◆ TASK REQUIREMENTS: Word for word, write out all the entries below, omitting every picture.

◆ SUPPLIED RECORDS:

----

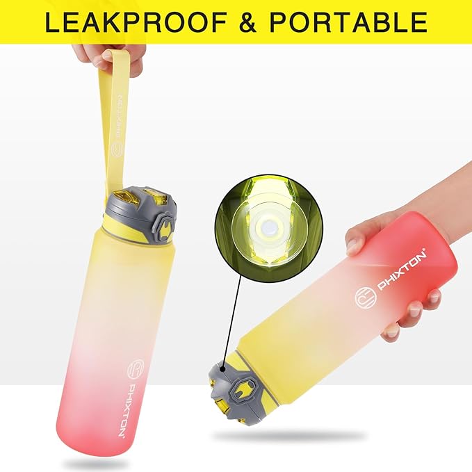 - [ SAFE NON-TOXIC TRITAN & DURABLE ] The PHIXTON 32 oz Water Bottle is made of high-quality food-grade environmentally friendly reusable Tritan co-polyester plastic, 100% BPA free and Toxin free, there is no harmful chemicals, plastic taste or bad smell, ensuring healthy drinking. It is also resistant to fall and not easily broken as it is much thick than ordinary. Suitable for both warm and cold beverages (-50 to 205Β°F)
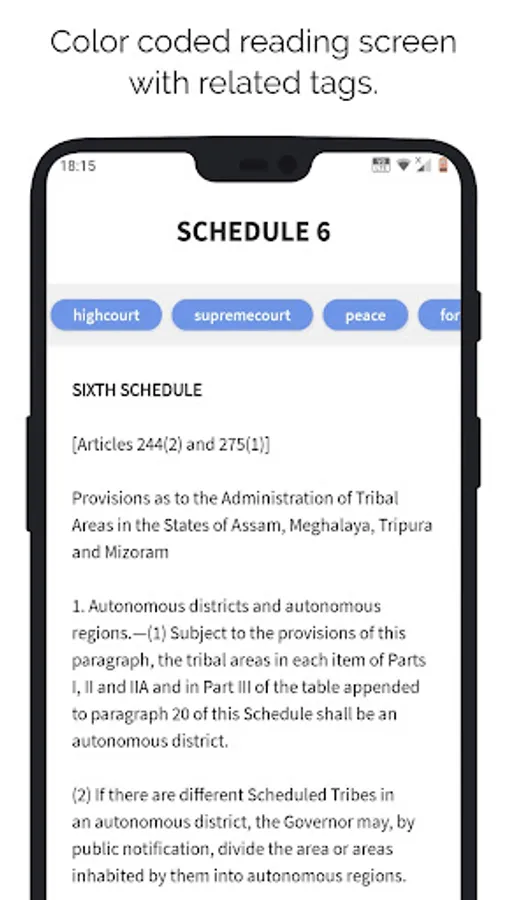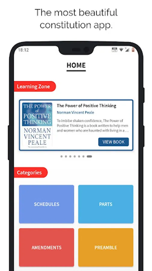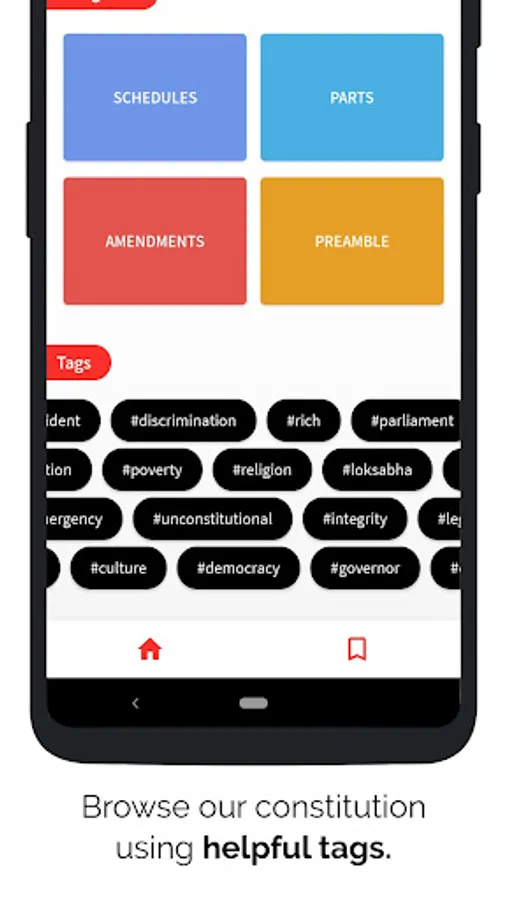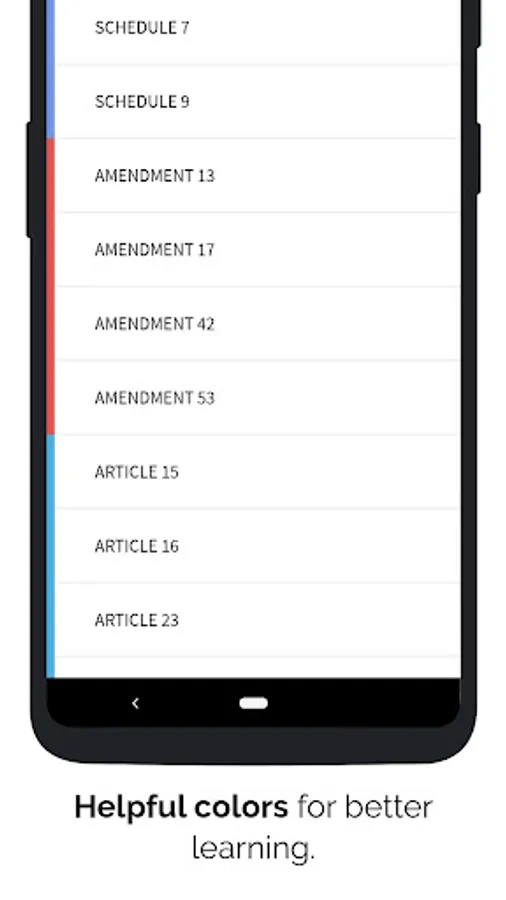 The complete Constitution of India app which includes all the articles, schedules, and amendments as notified by Government of India with simple and elegant user interface.
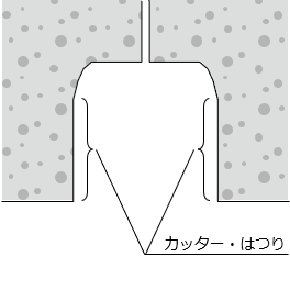 チッパー等を用いて、カッターを入れた溝を斫り取ります。高圧洗浄機等を用いて、溝を水洗いします。
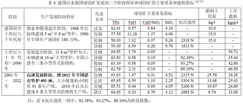 2.2 我國燒結(jié)礦、球團(tuán)礦生產(chǎn)發(fā)展的三個階段數(shù)據(jù)與評述
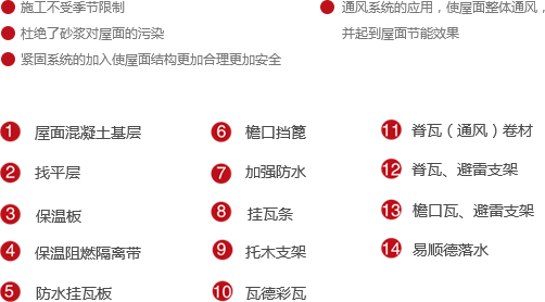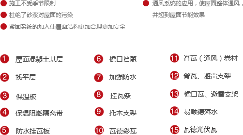 借鑒歐洲坡屋面防水理念,將平面防水改為立體防水,采用新型防水板材料,將材料防水和構(gòu)造防水于一身,配合屋面系統(tǒng)組件,實現(xiàn)全天候全干作業(yè)。節(jié)省了屋面各類保護層次,打破了屋面冬季及雨后陰濕無法施工的常規(guī),縮短了工期,提升系統(tǒng)安全性能。
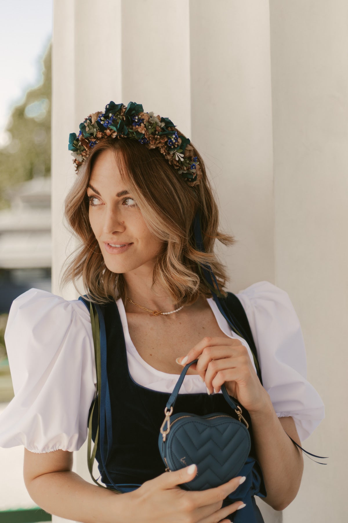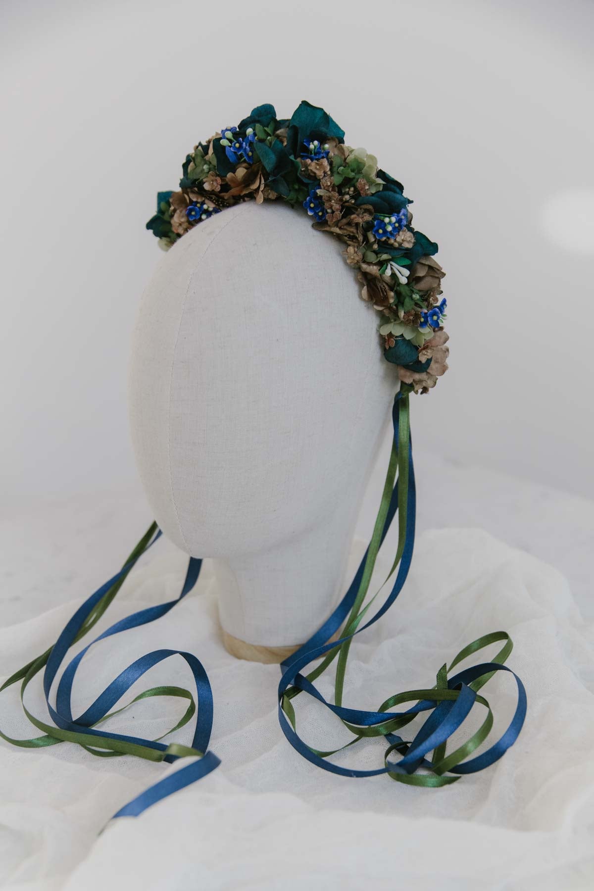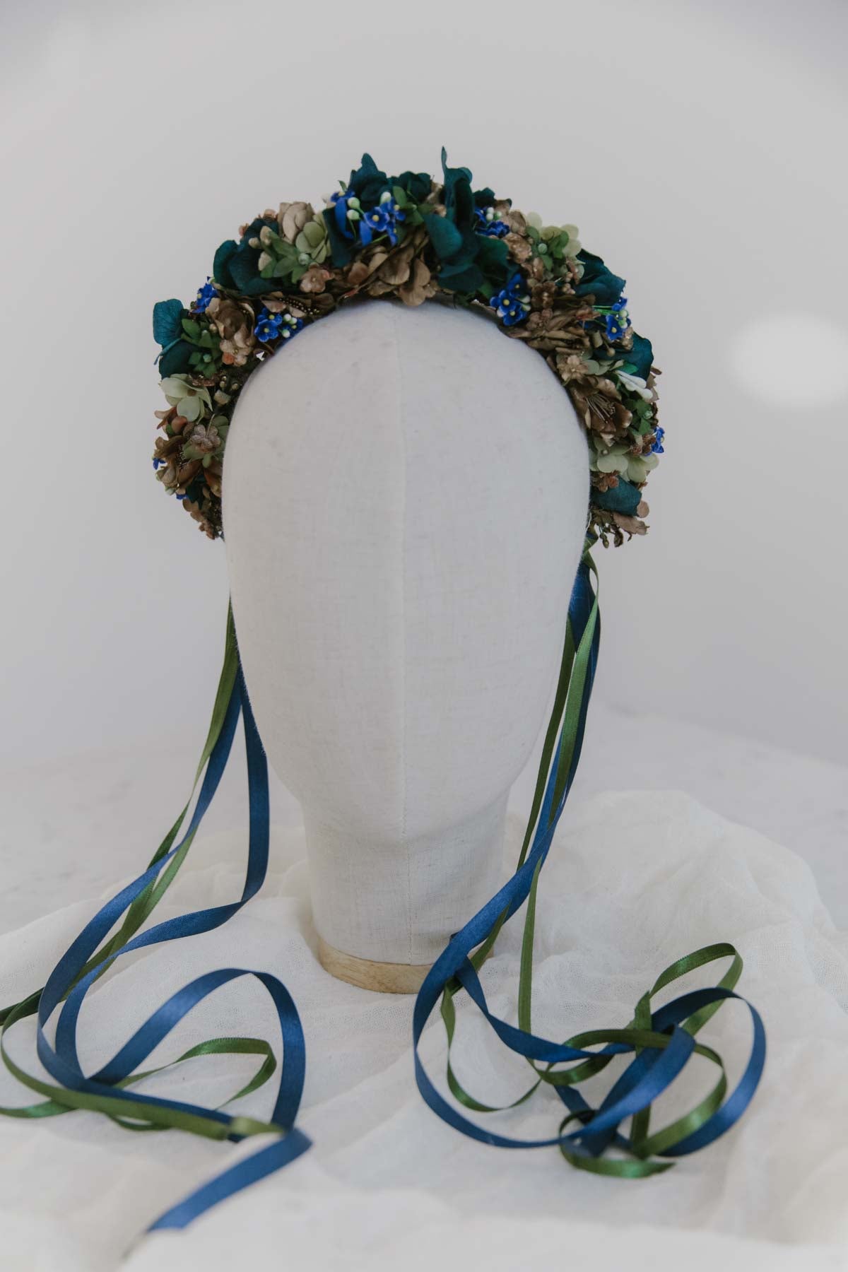 Flowercrown Eireen ist eine romantische Blumenkrone für die Ewigkeit die niemals verblüht. Handgemacht in Wien aus vintage Seidenblumen im Wiener Atelier von We Are Flowergirls. Zum Binden mit Satinbändern aus der Schweiz.

----

◆ TASK ANSWER:
 - [ SAFE NON-TOXIC TRITAN & DURABLE ] The PHIXTON 32 oz Water Bottle is made of high-quality food-grade environmentally friendly reusable Tritan co-polyester plastic, 100% BPA free and Toxin free, there is no harmful chemicals, plastic taste or bad smell, ensuring healthy drinking. It is also resistant to fall and not easily broken as it is much thick than ordinary. Suitable for both warm and cold beverages (-50 to 205Β°F)
 The complete Constitution of India app which includes all the articles, schedules, and amendments as notified by Government of India with simple and elegant user interface.
 チッパー等を用いて、カッターを入れた溝を斫り取ります。高圧洗浄機等を用いて、溝を水洗いします。
 2.2 我國燒結(jié)礦、球團(tuán)礦生產(chǎn)發(fā)展的三個階段數(shù)據(jù)與評述
 借鑒歐洲坡屋面防水理念,將平面防水改為立體防水,采用新型防水板材料,將材料防水和構(gòu)造防水于一身,配合屋面系統(tǒng)組件,實現(xiàn)全天候全干作業(yè)。節(jié)省了屋面各類保護層次,打破了屋面冬季及雨后陰濕無法施工的常規(guī),縮短了工期,提升系統(tǒng)安全性能。
 Flowercrown Eireen ist eine romantische Blumenkrone für die Ewigkeit die niemals verblüht. Handgemacht in Wien aus vintage Seidenblumen im Wiener Atelier von We Are Flowergirls. Zum Binden mit Satinbändern aus der Schweiz.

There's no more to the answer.